Laravel基于URL获取动态视图

时间:2018-11-02 03:39:13

标签: php laravel

我已经通过向我的应用(how i did it is here)中添加自定义类来创建动态类别路由,现在我需要使我的刀片服务器可以使用此动态路径。

逻辑

基于我的网址将创建的类别的深度,例如:

site.com/category/parent
site.com/category/parent/child
site.com/category/parent/child/child
etc.

到目前为止,我的视图只为site.com/category/parent加载其他网址,它返回404错误。

代码

CategoryRouteService

class CategoryRouteService
{
    private $routes = [];

    public function __construct()
    {
        $this->determineCategoriesRoutes();
    }

    public function getRoute(Category $category)
    {
        return $this->routes[$category->id];
    }

    private function determineCategoriesRoutes()
    {
        $categories = Category::all()->keyBy('id');

        foreach ($categories as $id => $category) {
            $slugs = $this->determineCategorySlugs($category, $categories);

            if (count($slugs) === 1) {
                $this->routes[$id] = url('category/' . $slugs[0]);
            }
            else {
                $this->routes[$id] = url('category/' . implode('/', $slugs));
            }
        }
    }

    private function determineCategorySlugs(Category $category, Collection $categories, array $slugs = [])
    {
        array_unshift($slugs, $category->slug);

        if (!is_null($category->parent_id)) {
            $slugs = $this->determineCategorySlugs($categories[$category->parent_id], $categories, $slugs);
        }

        return $slugs;
    }
}

CategoryServiceProvider

class CategoryServiceProvider
{
    public function register()
    {
        $this->app->singleton(CategoryRouteService::class, function ($app) {
            // At this point the categories routes will be determined.
            // It happens only one time even if you call the service multiple times through the container.
            return new CategoryRouteService();
        });
    }
}

model

//get dynamic slug routes
    public function getRouteAttribute()
    {
        $categoryRouteService = app(CategoryRouteService::class);

        return $categoryRouteService->getRoute($this);
    }

blade

//{{$categoryt->route}} returning routes
<a class="post-cat" href="{{$category->route}}">{{$category->title}}</a>

route

//show parent categories with posts
Route::get('/category/{slug}', 'Front\CategoryController@parent')->name('categoryparent');

controller

public function parent($slug){
        $category = Category::where('slug', $slug)->with('children')->first();
        $category->addView();
        $posts = $category->posts()->where('publish', '=', 1)->paginate(8);
        return view('front.categories.single', compact('category','posts'));
}

注意::我不确定这一点,但我认为我的路线有些固定!我的意思是,它只会得到1个子弹,而我的类别却可以增加2个,3个或4个子弹,因此我做出多条路线并像这样重复Route::get('/category/{slug}/{slug}/{slug}毫无意义。

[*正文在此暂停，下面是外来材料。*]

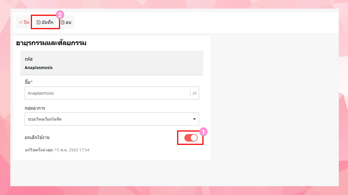 ผู้ใช้งานเลือกเปิดการยกเลิกการใช้งาน (หากยกเลิกแล้วระบบจะไม่ใช้งานข้อมูลที่ยกเลิกไป)

正如我说的那样,我不确定,请分享您的想法和解决方案。

更新

基于Leena Patel的答案,我更改了路线,但是当我的网址中收到超过1条子弹时,它将返回错误:

Example

route: site.com/category/resources (works)

route: site.com/category/resources/books/ (ERROR)
route: site.com/category/resources/books/mahayana/sutra (ERROR)

error

Call to a member function addView() on null

$category->addView();

当我评论它为$posts部分返回错误时。然后我的刀片错误,我返回了类别标题{{$category->title}}

因此,基本上看来,该功能无法识别返回类别路线视图的功能。

here is my function

public function parent($slug){
        $category = Category::where('slug', $slug)->with('children')->first();
        $category->addView();
        $posts = $category->posts()->where('publish', '=', 1)->paginate(8);
        return view('front.categories.single', compact('category','posts'));
}

有什么主意吗?

3 个答案:

答案 0 :(得分:1)

您可以尝试使用以下路由模式

Route::get('/category/{slug}', 'Front\CategoryController@parent')->where('slug','.+')->name('categoryparent')

因此,如果您的网址中有多个标签,例如/category/slug1/slug2

您的addView()方法将适用于one record而不适用于Collection,因此请添加foreach循环以实现此目的。

public function parent($slug){
    // $slug  will be `slug1/slug2`
    $searchString = '/';
    $posts = array();

    if( strpos($slug, $searchString) !== false ) {
        $slug_array = explode('/',$slug);
    }

    if(isset($slug_array))
    {
         foreach($slug_array as $slug)
         {
             $category = Category::where('slug', $slug)->with('children')->first();
             $category->addView();
             $posts_array = $category->posts()->where('publish', '=', 1)->paginate(8);
             array_push($posts,$posts_array);
         }
    }
    else
    {
          $category = Category::where('slug', $slug)->with('children')->first();
          $category->addView();
          $posts = $category->posts()->where('publish', '=', 1)->paginate(8);
    }

    return view('front.categories.single', compact('category','posts'));
}

希望有帮助!

文档:https://laravel.com/docs/4.2/routing#route-parameters

答案 1 :(得分:0)

创建路线

Route::get('category/{cat}', 'YourController@mymethod');

将此添加到您的Providers / RouteServiceProvider.php的启动方法

public function boot()
{
    Route::pattern('cat', '.+'); //add this

    parent::boot();
}

使用您的方法:

public function mymethod($cat){
    echo $cat;  //access your route
}

答案 2 :(得分:0)

您可以在路由中使用可选的URL部分,并在控制器中使用条件。试试这个:

在您的路线中:

Route::get('/category/{parent?}/{child1?}/{child2?}', 'Front\CategoryController@parent')->name('categoryparent');

在您的控制器中:

public function mymethod($category, $parent, $child1, $child2){
    if(isset($child2)){
        //use $category, $parent, $child1, $child2 and return view
    } else if(isset($child1)){
        //use $category, $parent, $child1 and return view
    } else if(isset($parent)){
        //use $category, $parent and return view
    } else {
        //return view for $category
    }

}